A las once de la noche se abrían las puertas del templo de Santa María la Nueva y el silencio se hacía en Zamora. Mientras parte de la ciudad festejaba a unos metros de allí, la solemnidad reinaba en la clara noche de la muerte de Cristo.

El ruido de las cruces de maderas arrastradas por el suelo se hacía casi ensordecedor en el silencio zamorano. Los golpes de los hachones contra el suelo, las campanas e incluso el sonido de las llamas podían percibirse perfectamente en unas calles y plazas llenas de gente, pero en completo silencio y oscuridad. Los tambores eran el único rastro sonoro del paso del Cristo, que levitaba en las sencillas andas portadas por los hermanos sobre las que reposaba la imponente imagen del Yacente.

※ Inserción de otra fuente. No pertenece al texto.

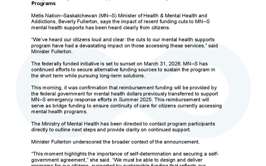 Feb 23 statement on MN–S Mental Health funding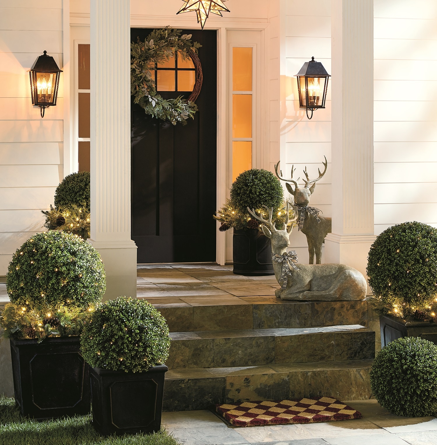When it comes to a holiday glow, you can’t have too many twinkle lights. Instead of the traditional string lights lining the frame of the house, add lights in other forms and shapes to your front porch. Opt for outdoor-safe LEDs so there’s no risk of blowing out the power grid like the Griswalds.

El momento más esperado se vivía cuando, pasada la media noche, el cortejo fúnebre comenzaba a entrar en la Plaza del Viriato. Los hermanos hicieron dos filas para que Jesús pasase entre la luz de sus hachones recorriendo los cuatro lados de la plaza. En cuanto la talla empezó a moverse, el coro comenzó a entonar el "Miserere". Los presentes contuvieron el aliento hasta que la palabra "amén" puso fin al canto y el Cristo, en sus andas, comenzó el camino de regreso hacia Santa María la Nueva. Todo estaba cumplido y Zamora comenzaba a esperar el sonido del merlú y los hermanos, austeros y en silencio, volvieron a casa bajo el peso, cada uno, de su propia cruz.